Regular attendance at every class and tutorial and active participation is


essential to your success in this course. The class moves quickly through
several texts. If you miss even one class or tutorial that is a lot to catch up
on. Please try and plan your time so that you have done the bulk of the
reading before class and are able to post an intelligent moodle post on the
reading that reflects that (ideally before lecture, but can also be before
tutorials). This may be a question, a reflection, reaction, provocation to
the reading that week. These regular moodle posts (short c. 100 words on
each text/film) along with the quality of your participation in class
exercises and discussion will account for 40% of your grade. You must
hit a minimum of 6 posts (there are 9 texts) to capture this portion of your
grade. The goal is to maximise your interaction with me, your TA, the
texts and each other as much as possible. Reading is about connecting,
and I want this class to be as dialogic as possible. The course will be a
mix of lectures and student active and dynamic engagement with the
lecture, the material and each other’s moodle posts. The tutorial portion
of the course will focus on student-led discussions and presentations.

3. Practical Criticism (Close Textual Analysis) – 25% 1000 words max.

commenting on the language features, narratological construction, sentence or


scenic structure of a film, novel, poem, graphic from the course (you may also,
if you wish, choose two works and do a comparative textual analysis but for this
paper, you may just focus on one). Training and discussion of what constitutes
practical criticism (ie. close reading) will take place ahead of the assignment.

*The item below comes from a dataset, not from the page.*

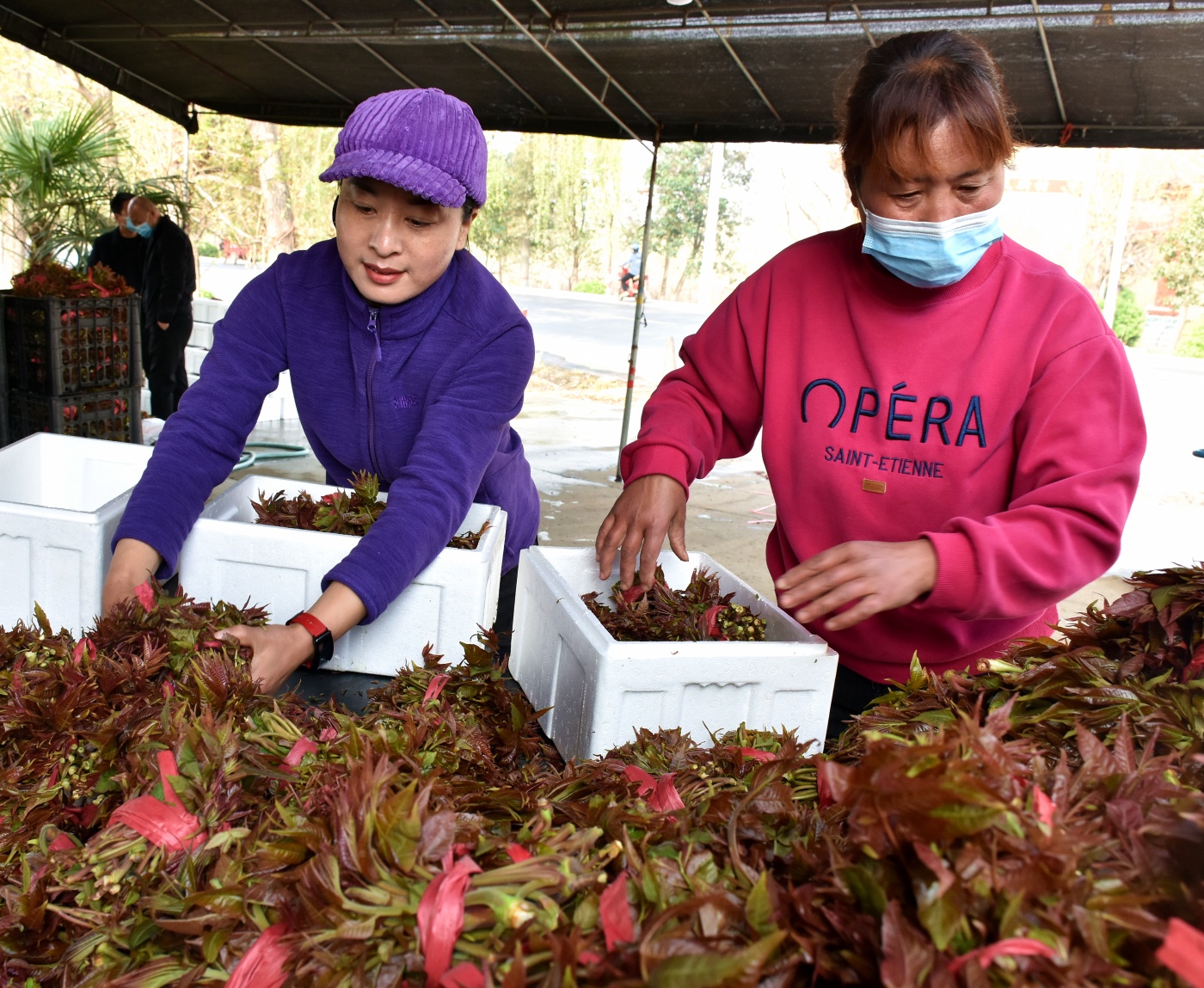 4月1日,永济市韩阳镇益农合作社员工,在分检刚采摘的香椿。

4. Final Research/Response Paper – 35% 1500-2000 words max.

must treat at least two works, either two from the course, or one from the
course in dialogue with another from your own past reading. The works you
choose for your research paper should ideally not be the same genre or medium
as the work (s) you chose for your practical criticism. So if you wrote on a
graphic novel for your practical criticism, you should choose from different
kinds of text for your research paper (ie. autobiographies, novels, film, poetry
etc.). This paper may incorporate secondary criticism in the form of a traditional
research paper with a bibliography but it doesn’t have to. It may also take the
form of a personal response to the texts which expands upon the practical
criticism skills honed in the previous paper. This is a course about paying close
attention to how imaginative works craft themselves as works of fiction and you
are encouraged to stay close to the texts in your analysis. It will be a
comparative essay and the essay prompts will be provided. You must not repeat
work from either your tutorial presentation or your practical criticism in your
final paper.

A note on Plagiarism: Plagiarism, or academic dishonesty of any kind, is a serious offense.

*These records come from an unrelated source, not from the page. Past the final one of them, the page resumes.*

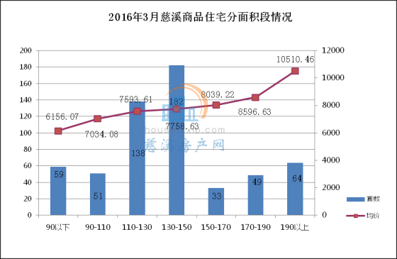 3月慈溪商品住宅按面积段成交中,130-150㎡面积段产品成交182套,成交均价7758.63元/㎡,占总成交套数的32%,销量排名第一;110-130㎡面积段产品成交138套,成交均价7593.61元/㎡,占总成交套数的24%,销量排名第二;190㎡以上面积段产品成交64套,成交均价10510.46元/㎡,占总成交套数的11%,销量排名第三。
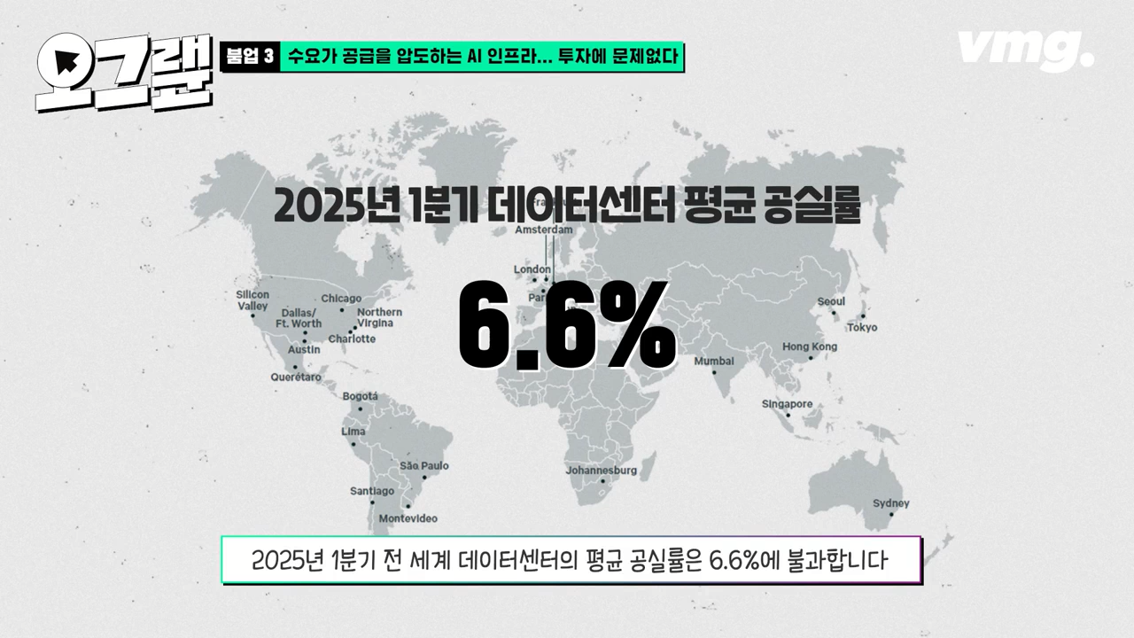 2025년 1분기 전 세계 데이터센터의 평균 공실률은 6.6%에 불과합니다. 가장 공실률이 낮은 지역은 북부 버지니아 지역인데 지난 1분기 공실률이 0.76%에 불과했습니다. 전 세계에 걸쳐서 데이터센터 수요가 공급을 계속 앞지르고 있는 겁니다.
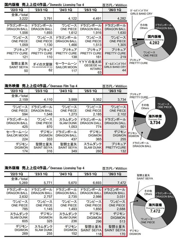รายงานประจำไตรมาสของ Toei Animation ถือเป็นสัญญาณเตือนให้วงการอุตสาหกรรมตื่นตัว แม้แต่ตัวละครที่โด่งดังที่สุดก็ยังถูกท้าทายเมื่อการแข่งขันเปลี่ยนแปลงไป แม้ว่าDragon Ballจะยังคงเป็นผู้ยิ่งใหญ่ แต่One Pieceได้พิสูจน์ให้เห็นแล้วว่านวัตกรรมที่สม่ำเสมอและการทำงานร่วมกันของสื่อผสมสามารถพาแฟรนไชส์เก่าแก่หลายสิบปีให้ก้าวขึ้นสู่จุดสูงสุดทางการเงินได้

To my mind, it is the worst offense you can commit in an academic context: it is disrespectful
not only to your source, but your own intellectual integrity. Forms of plagiarism include
submitting papers, or portions of papers, written by other people as your own, as well as
presenting someone else’s ideas as your own without acknowledging the source. You are
responsible for understanding what constitutes academic dishonesty and avoiding it. When in
doubt, or if you have questions, don’t hesitate to talk to me. Your written assignments must
be submitted via Turnitin on Moodle and this has an in-built plagiarism checker. We have
had students fail a module because they have plagiarized large chunks of material from the
internet. Please spare yourself the hassle and embarrassment, and just don’t do it. I would
also discourage the use of AI tools to write your papers in order to avoid bland generalised
essays. We can always tell when work is your own.